We could do that as follows:
struct predicate {
public:
predicate(const vector<string>::iterator & begin, const set<size_t> & indices) : m_begin(begin), m_indices(indices) {
}
bool operator()(string & value) {
const int index = distance(&m_begin[0], &value);
set<size_t>::iterator target = m_indices.find(index);
return target != m_indices.end();
}
private:
const vector<string>::iterator & m_begin;
const set<size_t> & m_indices;
};
int main() {
vector<string> items;
items.push_back("zeroth");
items.push_back("first");
items.push_back("second");
items.push_back("third");
items.push_back("fourth");
items.push_back("fifth");
set<size_t> indicesToDelete;
indicesToDelete.insert(3);
indicesToDelete.insert(0);
indicesToDelete.insert(1);
vector<string>::iterator pos = remove_if(items.begin(), items.end(), predicate(items.begin(), indicesToDelete));
items.erase(pos, items.end());
for (int i=0; i< items.size(); ++i)
cout << items[i] << endl;
}
Basically the key to the problem is remembering that if you delete the object at index i, and don't use a tombstone placeholder, then the vector must make a copy of all of the objects after i. This applies to every possibility you suggested except for #1. Copying to a new list makes one copy no matter how many you delete, making it by far the fastest answer.
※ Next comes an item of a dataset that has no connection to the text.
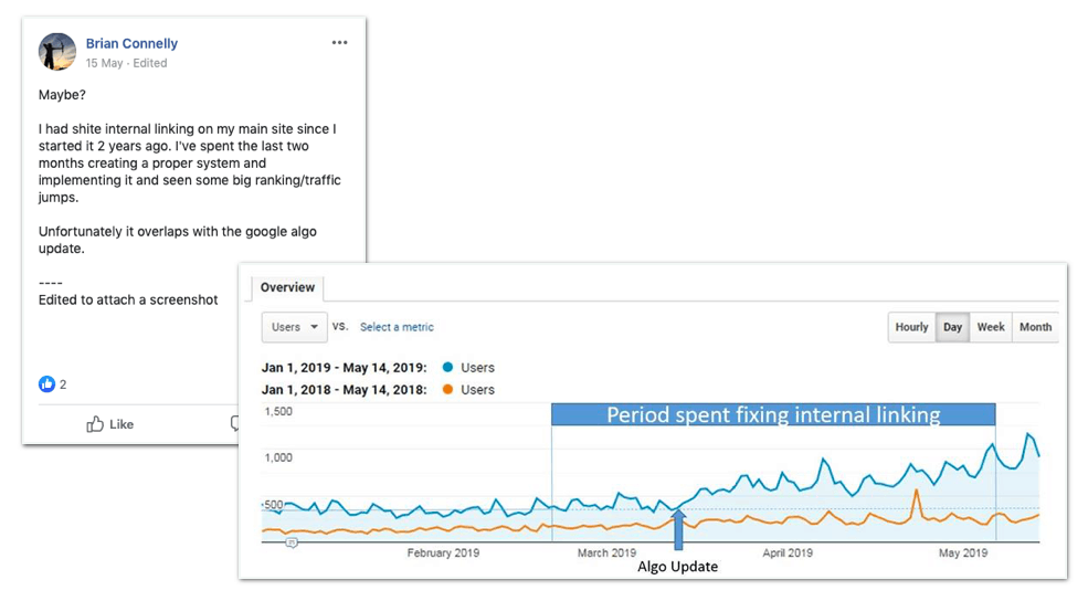 Eso es algo de evidencia. La gente sabe que los enlaces internos juegan un papel en el algoritmo de Google (o eso parece) y por una razón muy específica: Google lo dijo.

And as David Rodríguez said, sorting the list of indexes to be deleted allows for some minor optimizations, but it may only worth it if you're deleting more than 10-20 (please profile first).
Here is my solution for this problem which keeps the order of the original "items":
create a "vector mask" and initialize (fill) it with "false" values.
change the values of mask to "true" for all the indices you want to remove.
loop over all members of "mask" and erase from both vectors "items" and "mask" the elements with "true" values.
Here is the code sample:
#include <iostream>
#include <vector>
using namespace std;
int main()
{
vector<unsigned int> items(12);
vector<unsigned int> indicesToDelete(3);
indicesToDelete[0] = 3;
indicesToDelete[1] = 0;
indicesToDelete[2] = 1;
for(int i=0; i<12; i++) items[i] = i;
for(int i=0; i<items.size(); i++)
cout << "items[" << i << "] = " << items[i] << endl;
// removing indeces
vector<bool> mask(items.size());
vector<bool>::iterator mask_it;
vector<unsigned int>::iterator items_it;
for(size_t i = 0; i < mask.size(); i++)
mask[i] = false;
for(size_t i = 0; i < indicesToDelete.size(); i++)
mask[indicesToDelete[i]] = true;
mask_it = mask.begin();
items_it = items.begin();
while(mask_it != mask.end()){
if(*mask_it){
items_it = items.erase(items_it);
mask_it = mask.erase(mask_it);
}
else{
mask_it++;
items_it++;
}
}
for(int i=0; i<items.size(); i++)
cout << "items[" << i << "] = " << items[i] << endl;
return 0;
}
This is not a fast implementation for using with large data sets. The method "erase()" takes time to rearrange the vector after eliminating the element.